The Ting Gong (SI19; Small Intestine 19) and the Yifeng (TE17; Triple Energiser meridian 17) are acupuncture points commonly used to improve any kind of ear problem in Asian medical clinics —for example, hearing acuity and treating progressive hearing loss.2 ,3 We applied EA stimulation at SI19 and TE17 over 4 months (from 2 to 6 months of age). Acupuncture needles 0.16×4 mm were inserted perpendicularly as deep as 3–4 mm to the right and left of the SI19 and TE17 points, and electric stimulation of 1 Hz, 0.7 mA was performed twice a week for 30 min using a stimulator (Electrostimulator N-401; Ito Chotanpa Inc). Next, the mice were perfused transcardially with 50 mL of 4% paraformaldehyde solution under deep pentobarbital anaesthesia and the stimulated cochleae were dissected and post-fixed in 4% paraformaldehyde for 1 day. Thereafter, they were placed in a decalcifying solution (10% EDTA, pH 7.4) for 14 days. Paraffin-embedded 7 μm sections were then stained with haematoxylin and eosin. An Olympus BX50 microscope and a DP71 CCD digital colour camera unit (Olympus Co) was used for visual inspection and recording of images.

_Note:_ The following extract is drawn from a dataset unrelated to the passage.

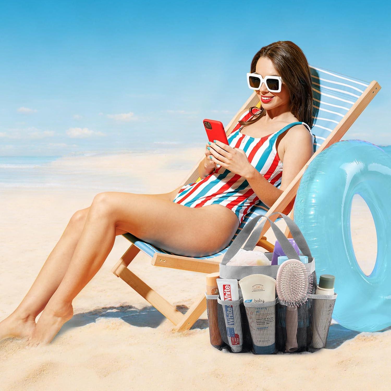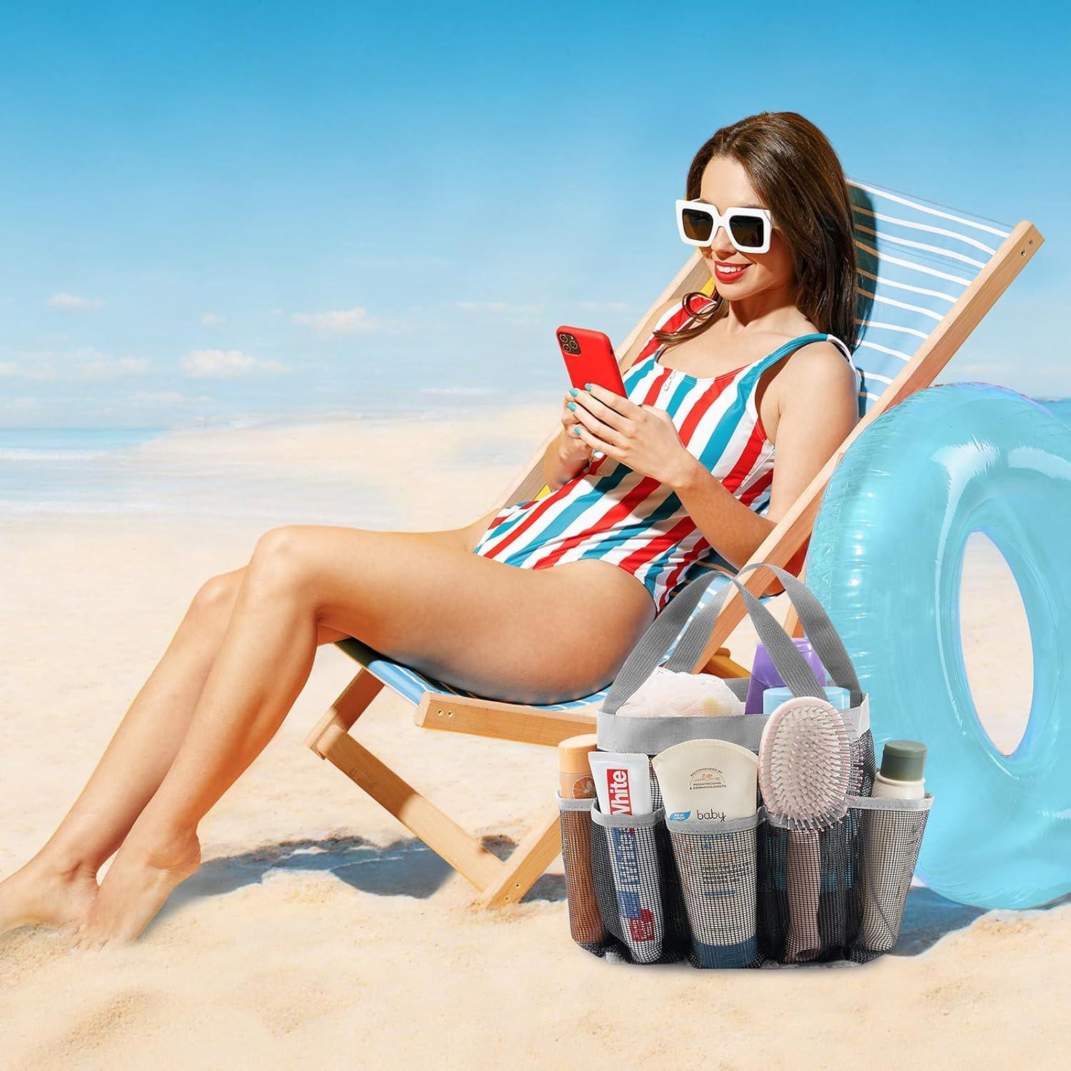 Plenty of Storage Space: This portable shower caddy with dimensions of 7.5″ ( 19cm ) x 6.7″ ( 17cm ) x 9.5″ ( 24cm ), has 7 side pockets and a large storage compartment in the center to hold all your bathroom accessories: towels, lotions, gels, shampoo, conditioner, soap, body wash, shavers, makeup, sunglasses, razor and more.

It was found that outer hair cells were lost and the organ of Corti was not present in the basal turns in the cochleae of the p75(−/−) mice without EA (−EA) at 6 months of age (figure 1A). However, the organ of Corti and outer hair cells remained normal in the p75(−/−) mice who had received EA (+EA), as is the case with wild-type mice (p75(+/+) mice) (figure 1A). Furthermore, the numbers of SGNs in the middle and basal turns of the cochlea were significantly reduced in the p75(−/−) mice (−EA) (figure 1B,C). By contrast, EA-stimulated p75(−/−) mice retained the same number of SGNs in these regions (figure 1B,C). Previous reports indicated that neurotrophin receptor signalling is important to prevent the degeneration of SGNs.4–7 We showed that EA stimulation significantly increased the expression of receptor tyrosine kinases in the SGNs of p75(−/−) mice cochleae (figure 2). However, elucidation of the functional roles of EA stimulation on progressive hearing loss remains a primary goal of future research.

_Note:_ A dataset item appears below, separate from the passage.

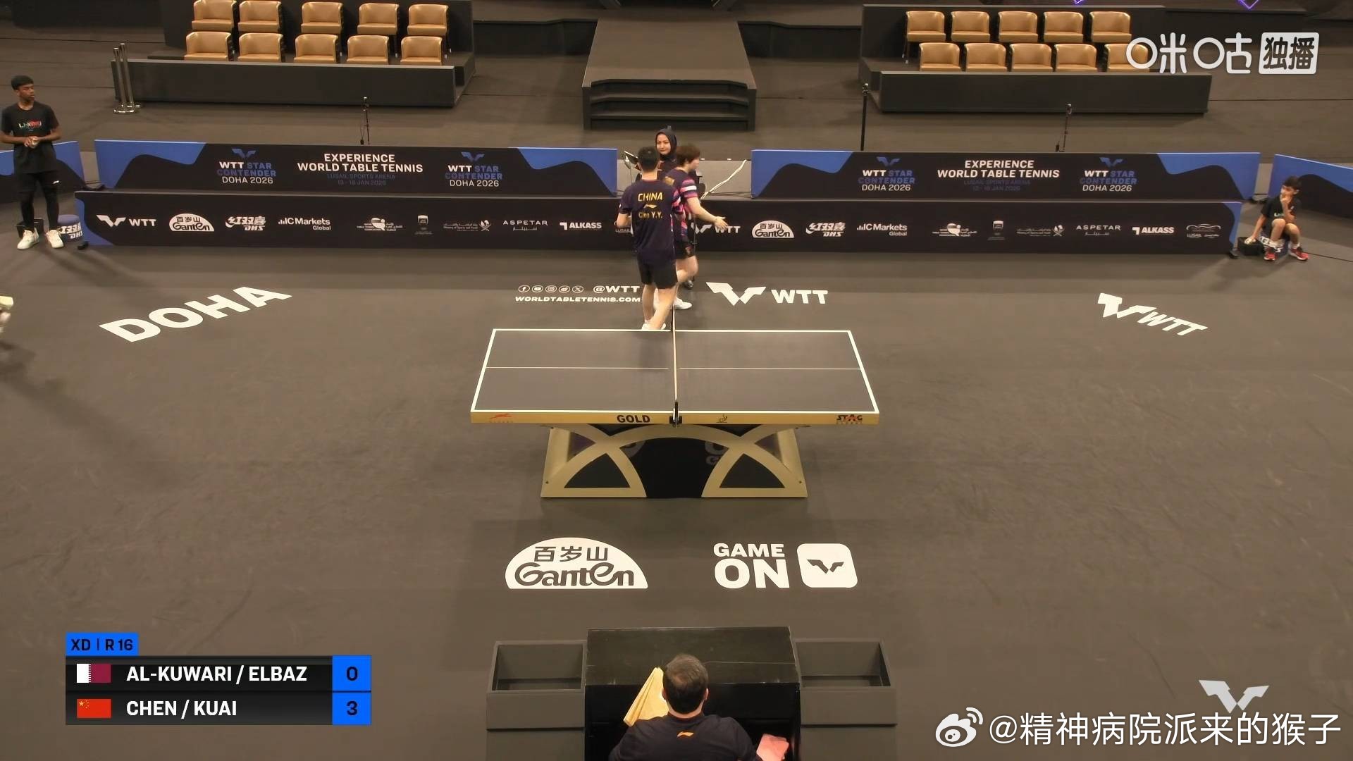 陈垣宇蒯曼3比0库瓦里埃尔巴兹(2,6,6)晋级2026WTT多哈球星挑战赛混双八强下一轮:陈垣宇蒯曼🇨🇳VS钟勋申裕斌🇰🇷

We thank Ms Y Ohashi and Ms E Moriya for technical assistance; and Dr M Tohyama for valuable comments.
TM and MT are contributed equally.
Contributors TM and MT contributed to the conclusions drawn from figures 1 and 2, and contributed to the writing of this manuscript. KS and SK carried out the immunohistochemistry. SM provided intellectual input, funding, coordination of the project and contributed to the writing of this manuscript.
Funding This work was supported in part by the Global COE Program from the Ministry of Education, Culture, Sports, Science and Technology of Japan.
Competing interests None.
Ethics approval This work was approved by the Institutional Animal Care and Use Committee of Osaka University (No. 19-038-0).
Provenance and peer review Not commissioned; externally peer reviewed.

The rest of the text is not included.